For the first time, the federal agency said it's OK to hire essential workers who may have been exposed to the coronavirus. Just take their temperature and have them wear face masks.
Masked restaurant workers
Photograph: Shutterstock

Restaurants offering takeout or delivery should consider new measures for keeping employees safe from COVID-19, including temperature checks of workers who have had contact with a coronavirus victim, according to the Centers for Disease Control and Prevention (CDC).

The agency updated its recommended safeguards Wednesday for keeping employees of essential businesses from spreading or contracting the coronavirus. Restaurants that offer off-premise meals are usually classified as essential businesses under state and local stay-at-home directives.

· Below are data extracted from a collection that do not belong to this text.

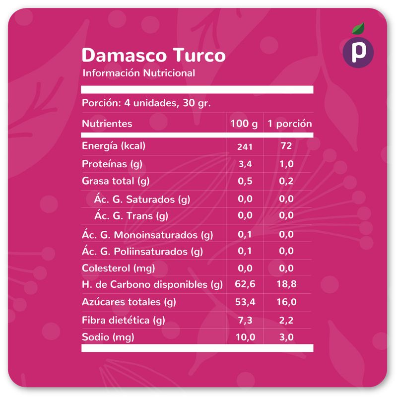 Los damascos turcos, también conocidos como orejas de oso, pertenecen a la familia de las frutas deshidratadas, de ahí su intenso sabor dulce producto de la concentración de todos sus nutrientes.
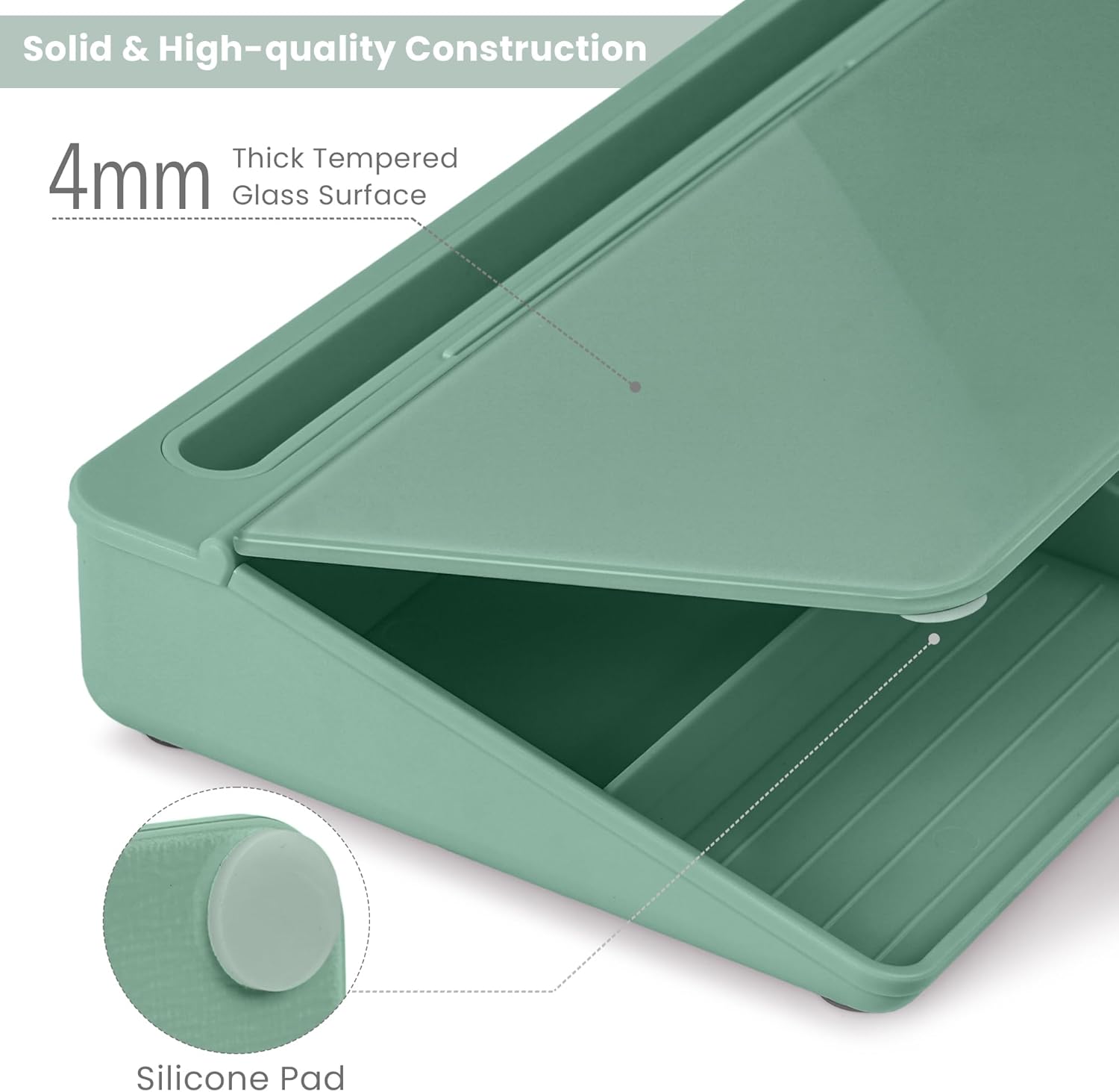 - Multi-function: Other than the glass board and built-in storage box, this product also has a slot on the top which can hold a phone or a tablet.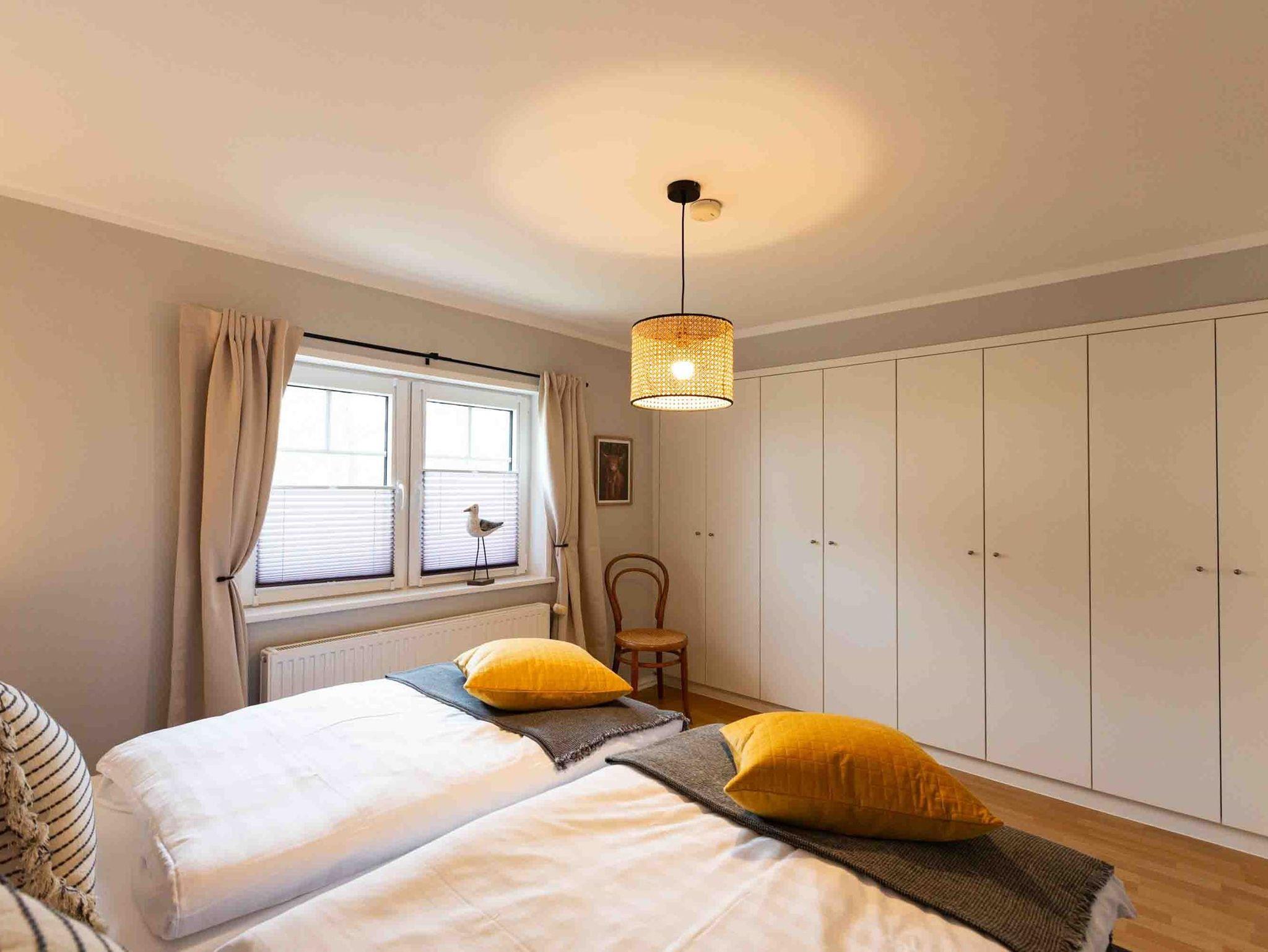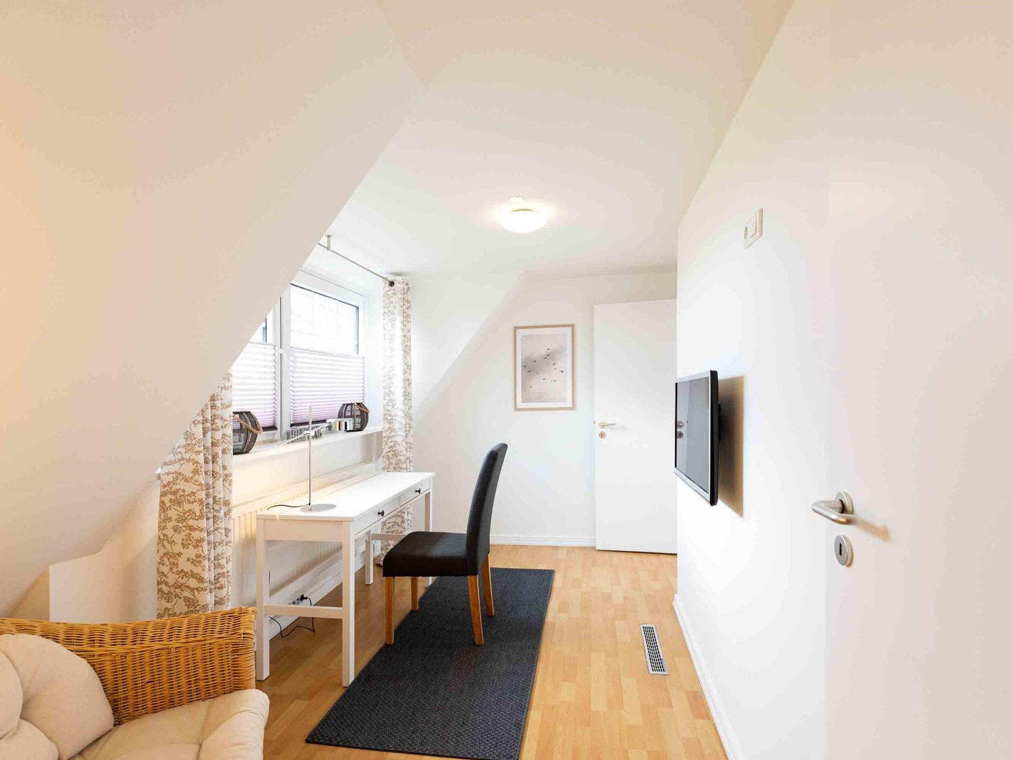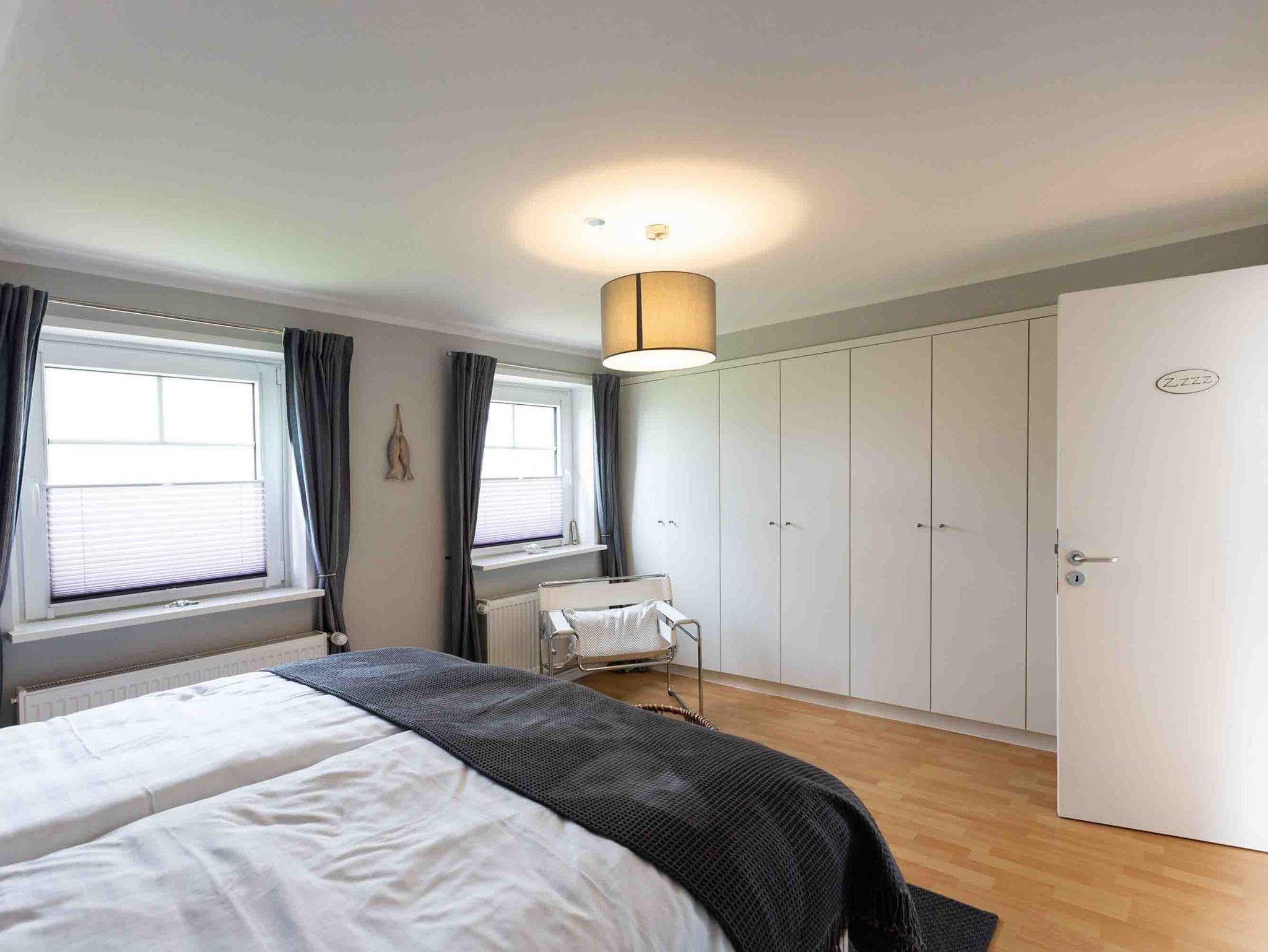 Drei Schlafzimmer mit Doppelbetten (zwei mit 2x 80x200cm, eines mit 1x 90x200cm). Zwei Bäder: eines mit Badewanne, eines mit Dusche. Arbeitszimmer im OG mit Schreibtisch und TV.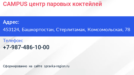 CAMPUS, центр паровых коктейлей по адресу 453124, Башкортостан, Стерлитамак, Комсомольская, 78 в дальнейшем Организация, размещена в следующих категориях: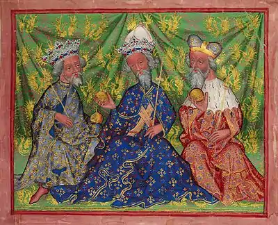 The Emperor Charles IV (centre), surrounded by his sons: King Wenceslaus IV of Bohemia (left) and Margrave Jobst of Moravia (right). They are all shown with the symbols of rule and their characterist beards. Charles wears a closed crown, Wenceslaus an open one and Jobst a margravial hat.[1]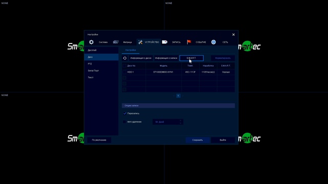 В этой же группе проводится форматирование и обслуживание жестких дисков. Для них предусмотрен контроль параметров SMART и температуры. Правда подробную информацию получить не получится. Расписания для запуска периодических проверок также не предусмотрено. Отметим, что все жесткие диски используются системой в индивидуальном режиме. Несмотря на наличие возможности установки четырех винчестеров, сделать из них отказоустойчивый RAID-массив в данной модели нельзя. Дополнительно можно отключить режим автоматической перезаписи и ограничить максимальную длительность хранения видео записей.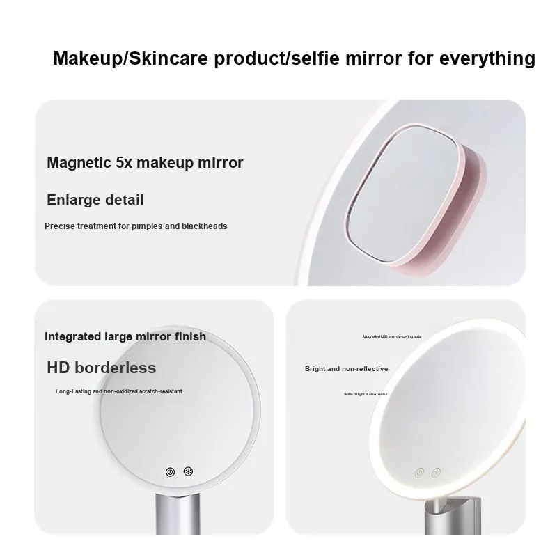 RHOS Широкоугольный LED Зеркало для макияжа Портативный с Светом Умный HD Для домашнего использования Настольный Светлый Макияж Официальное изделие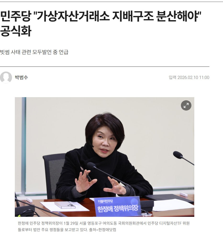 민주당 "가상자산거래소 지배구조 분산해야" 공식화

For the first time, the CDC indicated that restaurateurs and other employers need not sideline any employee who has been exposed to someone diagnosed with COVID-19. Rather, the agency said, that person can work in a non-healthcare capacity, provided additional safeguards are adopted.

First on the list of those additional measures: taking an exposed worker’s temperature, ideally outside of the facility, before the worker enters to begin their shift.  

Those employees should also wear a face mask while on the job for 14 days following exposure to someone who tested positive for COVID-19. Employers should either provide a suitable mask or set standards for what the employee may use to keep droplets of the coronavirus from being exhaled.

Not all of the recommended practices are addressed to workers who may have had contact with someone carrying the coronavirus. In general, the agency said, employers should:

  • Discourage the sharing of headsets, telephones or other devices that could catch exhaled coronavirus.
  • Develop a feasible way of having all employees where face masks while on the job.
  • Increase the frequency of cleaning common work surfaces, such as a restaurant counter.
  • Find ways of increasing ventilation in an enclosed area to improve air circulation.
  • Steer employees away from break rooms or other common areas when they take a break.